### Collected data entries
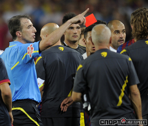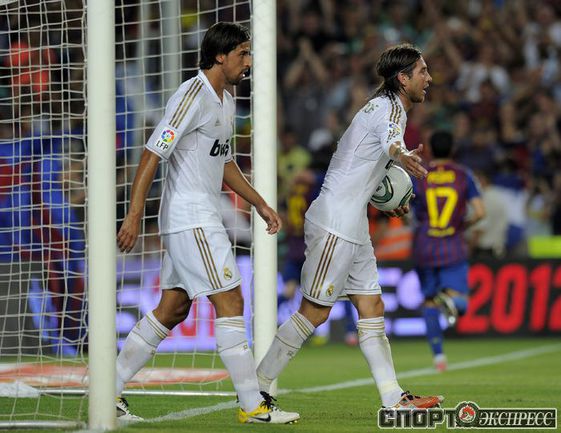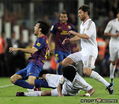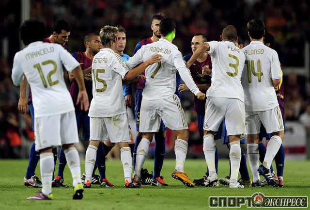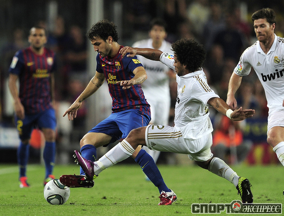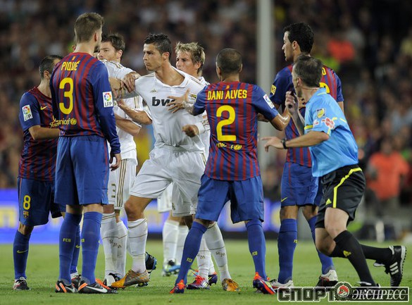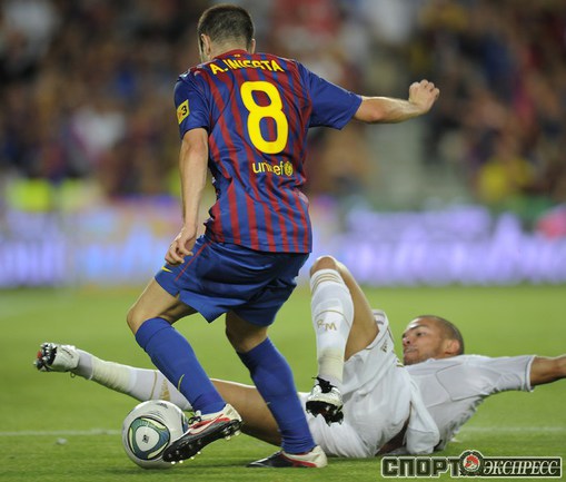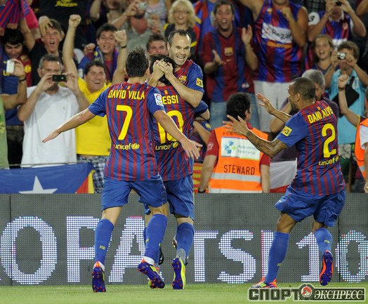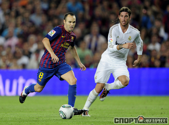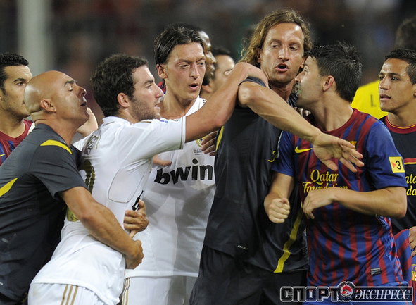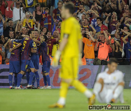 Футбол. Барселона. Суперкубок Испании. Ответный матч. "Барселона" – "Реал" (Мадрид) – 3:2 (2:1). Голы: Иньеста, 15 (1:0). Криштиану Роналду, 21 (1:1). Месси, 45 (2:1). Бензема, 82 (2:2). Месси, 88 (3:2). Удаления: Марселу (грубая игра), Езил (неспортивное поведение), Вилья ( неспортивное поведение). Первый матч – 2:2. Фото AFP
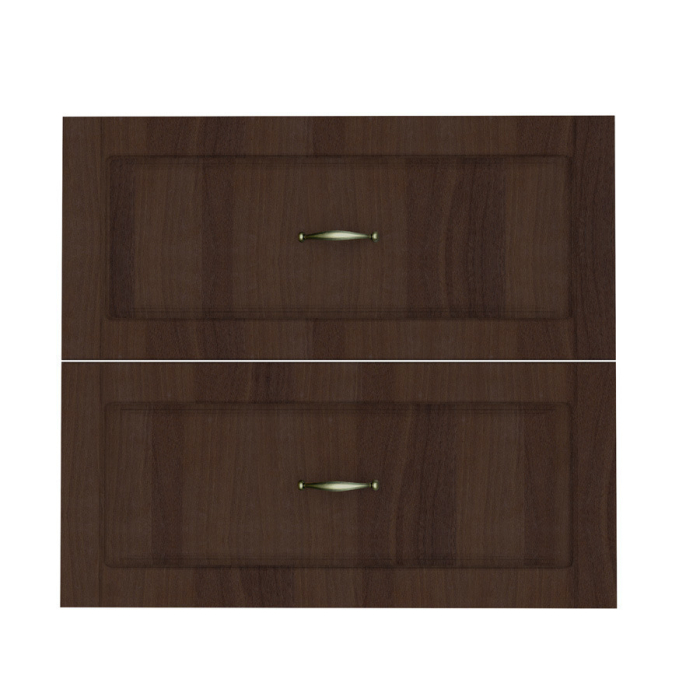 Две панели для ящиков шкафа. Они изготовлены из прочной и экологически чистой прессованной древесины. Панели устойчивы к воздействию воды и пара. Каждая панель дополнена двумя ручками в классическом стиле.
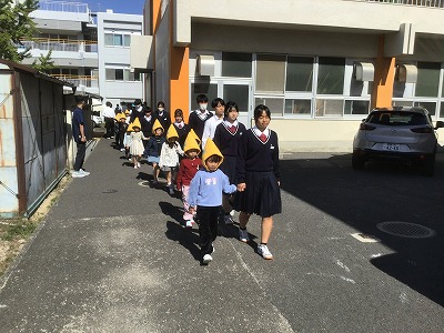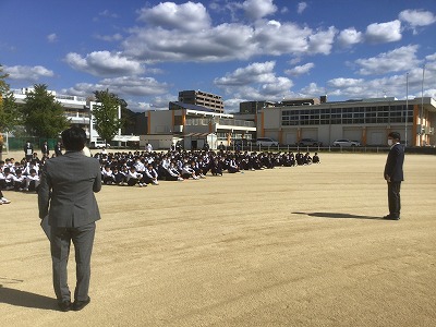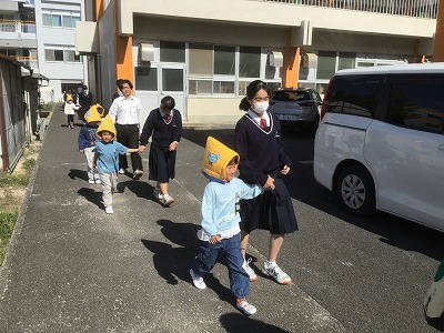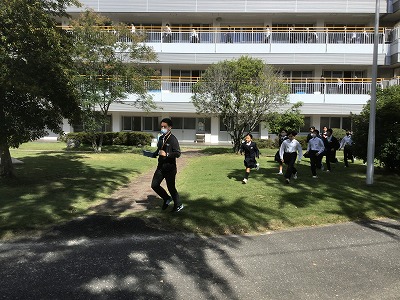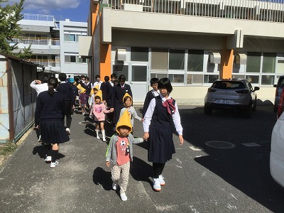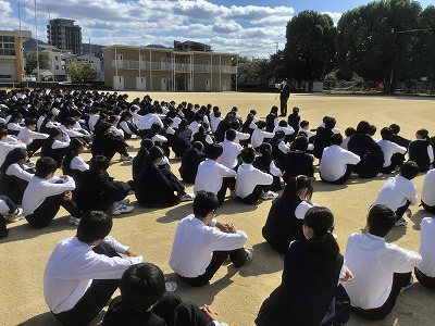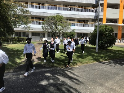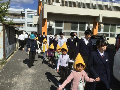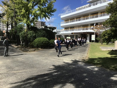 10月28日(火)、附属4校園での合同避難訓練を実施しました。 最初は、通常の避難訓練を行いました。1学期の経験を生かして、スムーズに全校生徒が動くことができ、校長先生からお褒めの言葉をいただきました。 続いて、1・3年生は二次避難の練習をしました。1年生は、石手川の堤防氾濫による1階浸水に備えて、2階より上の特別教室に避難しました。3年生は、附属幼稚園の園児を特別支援学校体育館まで避難誘導しました。 合同避難訓練を通して「自助」「共助」「公助」の大切さについて学ぶことができたと思います。
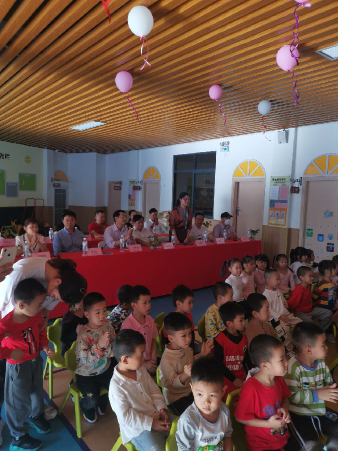 在主持人介绍完参会的领导嘉宾后,来自北斗星幼儿园的小朋友们为现场的领导嘉宾们献上精心准备的舞蹈节目,在秋风温柔的吹拂下,显得别样的美好。为感谢小朋友们的精彩演出,白鸽在线特地为他们准备了精美可爱的白鸽抱枕作为答谢。演出过后,本次公益活动正式开始。
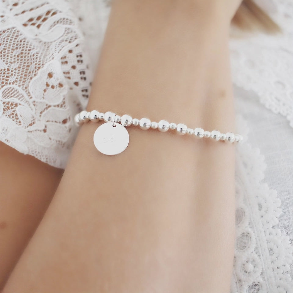 Sterling silver stretch personalized bracelet beaded with 3mm and 5mm Sterling silver beads. Great to wear alone or layered with other beaded bracelets. This stretch bracelet measures about 7 inches. Please contact me if you would like a custom size.
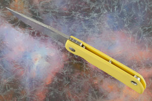 Description: This ultra-light folder is an exceptional EDC. The low care, high performing stainless damascus blade will take a sharp edge and hold onto it. Yellow G-10 scales ensure this knife is easy to locate. At just 1.6 oz, it will be easy to keep close at hand. This is a perfect hiking and backpacking folder when every oz matters.
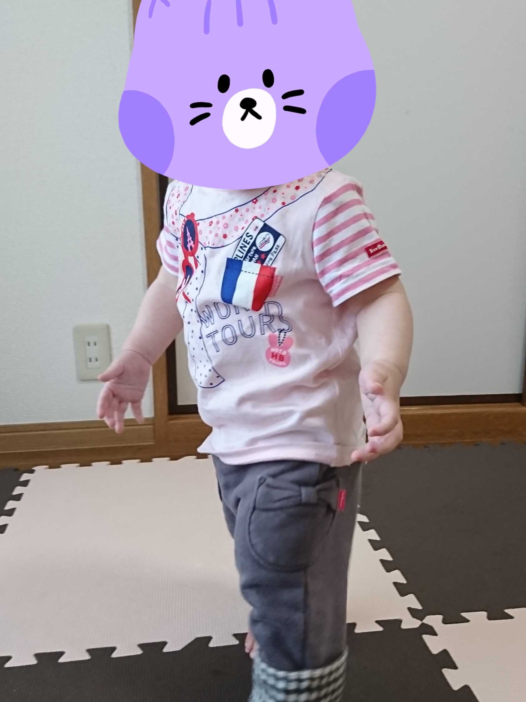 Tシャツは、1歳になったばかりでも意外と90センチで大丈夫ですよ。
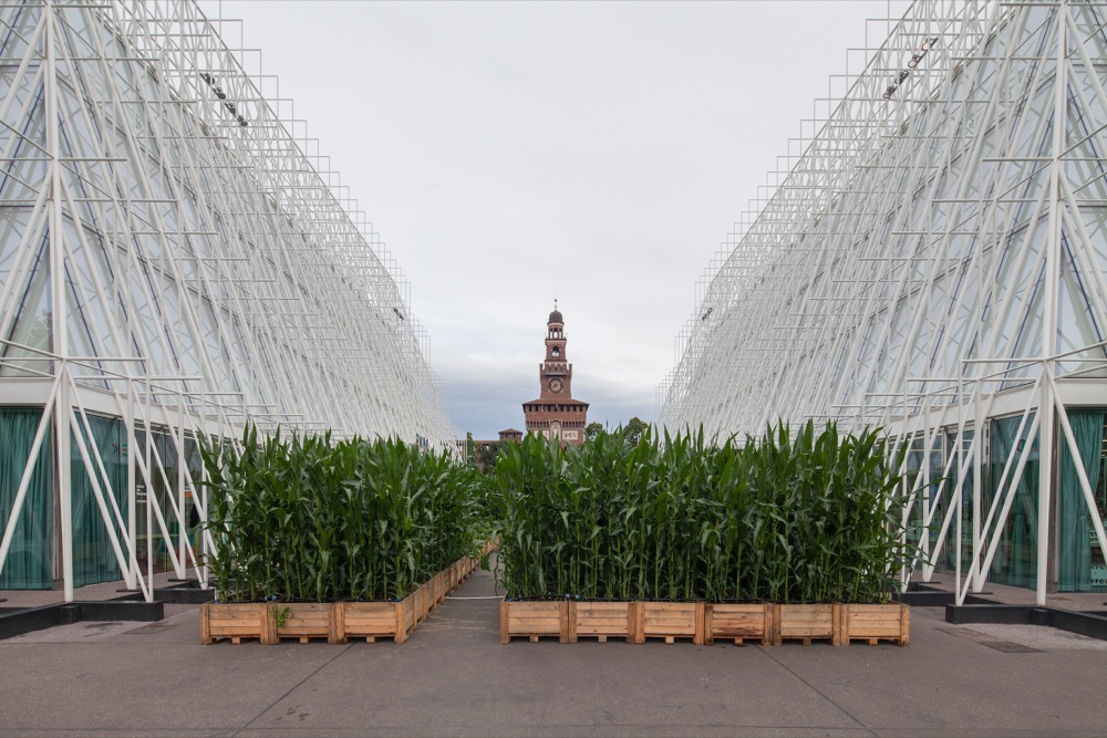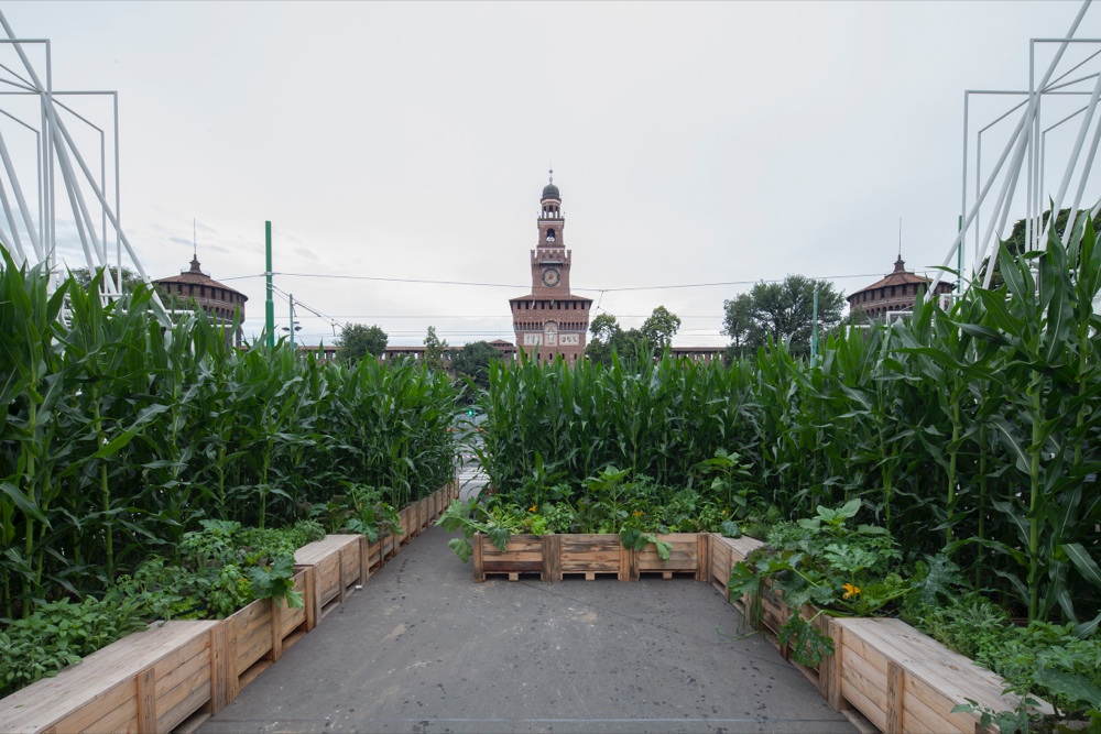 Inatteso nel cuore della città, dove oggi ha sede Expo Gate – la porta di accesso alla prossima Esposizione Universale – è arrivato un campo di mais che spariglia le carte di un luogo la cui immagine è sedimentata negli occhi e nella memoria dei milanesi: un concerto di pannocchie si affolla ora davanti al Castello Sforzesco.
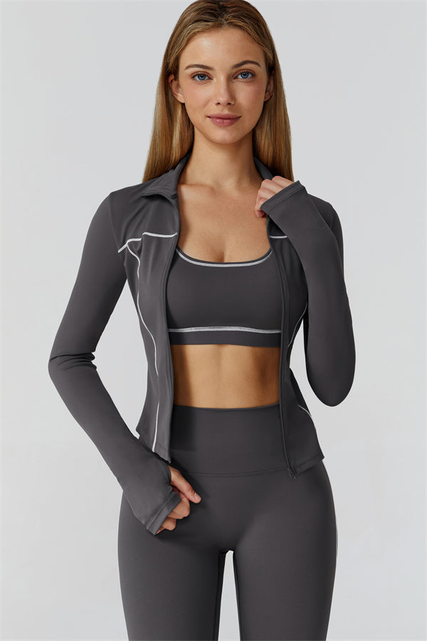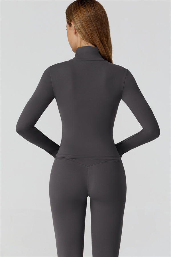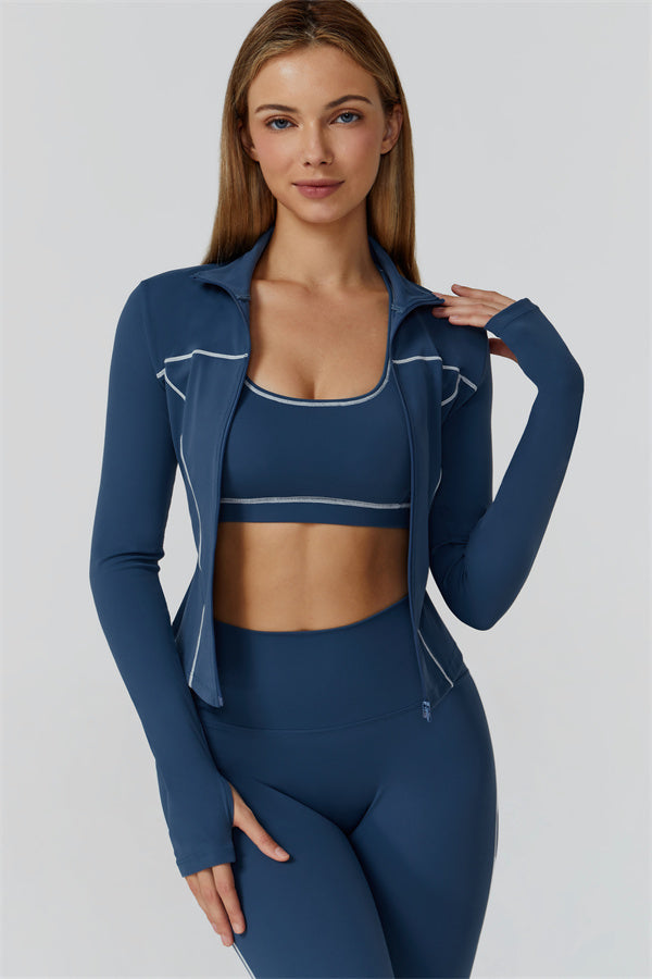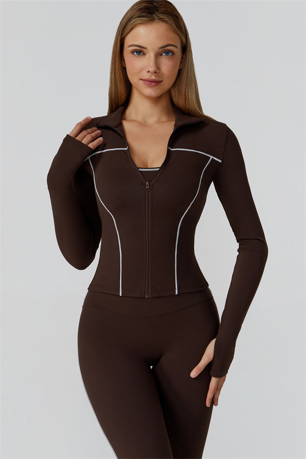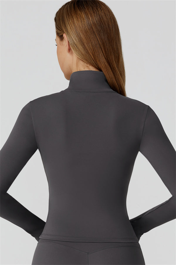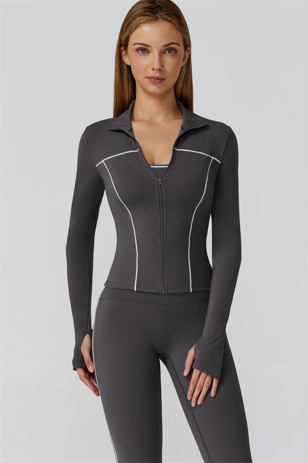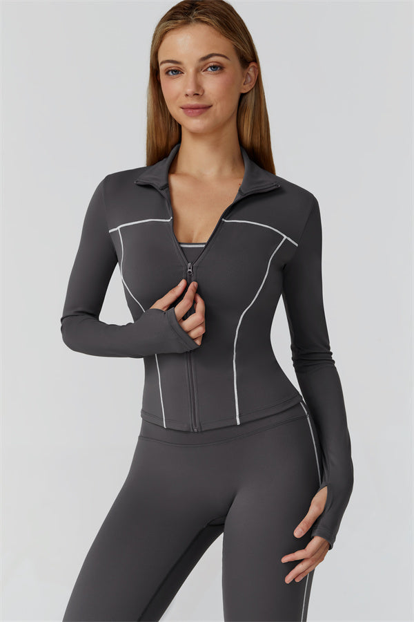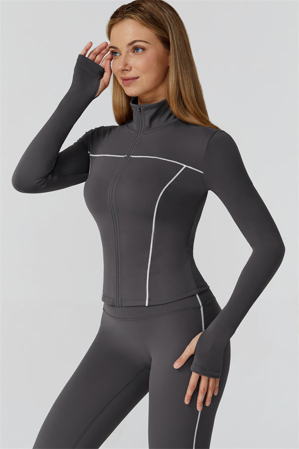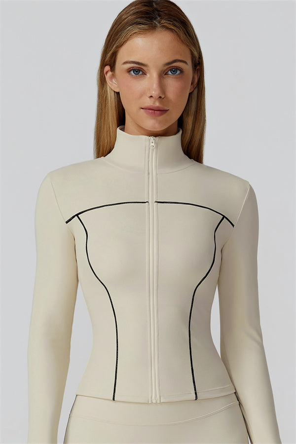 • Zip frontale a lunghezza intera con colletto alto per protezione dal vento

### TASK DIRECTIONS
Restate word for word every line from the one with "Description: This ultra-light" up to and including the one with "Tシャツは、1歳になったばかりでも意外と90センチで大丈夫ですよ。" in the records above, minus the pictures.

### YOUR SOLUTION
 Description: This ultra-light folder is an exceptional EDC. The low care, high performing stainless damascus blade will take a sharp edge and hold onto it. Yellow G-10 scales ensure this knife is easy to locate. At just 1.6 oz, it will be easy to keep close at hand. This is a perfect hiking and backpacking folder when every oz matters.
 Tシャツは、1歳になったばかりでも意外と90センチで大丈夫ですよ。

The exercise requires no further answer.